FORT LAUDERDALE, Fla. – When it comes to hurricanes and their vicious little offspring tornadoes, one good spin deserves another.

It’s an intricate and sometimes perplexing dance of swirling winds that cause tornadoes to spawn as a hurricane travels over land. One such tornado touched down twice behind the Hendry County sheriff’s station in Clewiston, Fla., on Friday about 11:45 a.m. EDT.

“We don’t have any damage that we know of,” said Marcus Padgett, spokesman for the Hendry County emergency management office.

Such a swift-moving, dangerous cyclone, though smaller and more localized than the massive hurricane storm system that produced it, can pack a whollop of a punch, with winds reaching up to 300 mph – enough to propel a refrigerator hundreds of feet.

About 1,000 tornadoes rake across the United States every year, mostly in the Midwest. But those Midwestern storms are a different breed from the type of tornadoes generated by a hurricane. Tornadoes from a hurricane result from a confluence of clashing winds rotating between the earth and upper atmosphere.
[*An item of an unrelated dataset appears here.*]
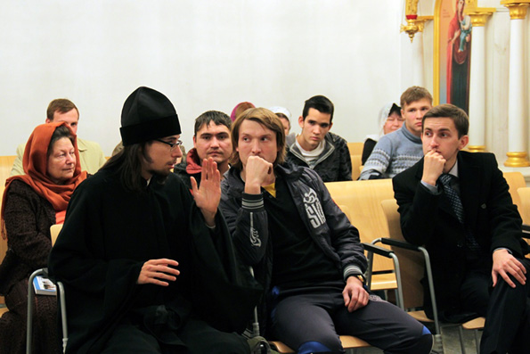 Руководитель исполкома Алексей Белодуров в своем выступлении предложил ребятам подумать, как совместно провести предстоящий праздник Дня народного единства, который совпадает с праздником Казанской иконы Божией Матери. Также Алексей Юрьевич предложил организовать массовый субботник с участием православного актива, школьников и студентов города, а также работников строительных организаций в храме Казанско-Богородицкого монастыря на территории СИЗО № 3, который в скором времени вернут Церкви.

How it works is, once a hurricane makes landfall, friction from the ground slows down the winds in its lower level, said Bill Read, a Houston-based meteorologist with the National Oceanic & Atmospheric Administration temporarily assigned to the National Hurricane Center west of Miami. “It changes the shape, or the profile of the wind, in the storm itself,” he said of the earth’s friction.

Winds in the upper atmosphere, however, retain their swifter speed, causing what’s called a vertical wind shear, in which wind on the ground can be a drastically different speed from wind higher up. The low level winds then are pulled toward the hurricane’s center, or eye, which causes a rotation between the upper and lower systems.

“The winds can be going in different directions from surface to atmosphere,” Read said.

The resulting rotation can spin off deadly, swirling tornadoes.

But knowledge is still limited about the hurricane-spawned tornadoes. “There are still things we don’t know about these tornadoes,” Read said. “There are people who earn Ph.D.s studying how that works.”